The official breed name is Caucasian Ovcharka, commonly known as the Caucasian Shepard Dog. Originating from the Caucasus Mountains in Russia, these sizable dogs are members of the Molosser breed and historically have been used for centuries to protect properties, guard livestock — and yes, hunt bears!

However the term “used to hunt bears” is somewhat misleading, as they are more capable of herding the bear instead of attacking or fighting it. Since they’re size is intimidating, the bear sees them as a threat and will back down allowing for the accompanying humans to be protected.

The Caucasian has an elaborate history that goes well beyond its pastoral origins. Realizing the versatility of the breed, the Soviet Army enlisted the Caucasian as a service dog, and it was used as a security guard during both war and peace times. Breeding and promotion of the breed for military and industrial use became the responsibility of the famed "Red Star Kennels" where many modern dogs had their origin.

The Caucasian Ovcharka  — who looks like a bear itself — is a powerful, athletic dog, strongly muscular, and heavily boned in proportion to height. Weighing over 200lbs and standing 6 feet or taller, the head is larger than you'll find on any other dog - where it is wedge-shaped, tapering slightly to a blunt muzzle with high-set of hanging ears (which may be cropped), and deep-set, oval-shaped eyes.

The thick tail hangs down to the hock but may be carried above the back as a sickle-shaped hook or ring when the dog is excited or moving. Three coat lengths are accepted, all double-coated and thick. Coat colors include shades of gray, fawn, and reddish, with white markings and often a dark facial mask.

Having emigrated to the United States a while back, many breeders warn that they are not an easy dog to maintain in urban or suburban households. Since they have a natural guardian instinct, they are better suited for rural environs where they can ward off wolves or coyotes from menacing crops and livestock.

Should you be interested in acquiring a Caucasian Ovcharka, the American Kennel Club is a good place to start. Contact information is available for a majority of breeds, but the AKC does not recommend one club over another - and pricing can range from $1000USD on up.

It's perhaps a sign of the times that the breed is now becoming more popular domestically to protect property from thieves and in prisons to deter the inmates.

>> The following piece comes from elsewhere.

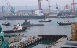 Le premier U-214 AIP de Corée du Sud, le Sun Won Il, entouré de remorqueurs à Ulsan. © TKMS

Some breeders suggest that this canine should not be considered for first-time owners. It’s more for experienced dog owners who can dedicate a lot of quality time to train and socialize this majestic creature. Like their masters, these dogs are happiest when they have a jobs to carry out. Their instincts are such where they are naturally born to guard and protect.

If you are the type of master who has an abundance of patience and can invest the time and energy into training, you can expect unfaltering loyalty and total devotion from your Caucasian Shepherd Dog. If not, you may be challenged by having a very aggressive oversized pooch who lacks the social skills to be nice to your neighbors, visitors or even fellow family members.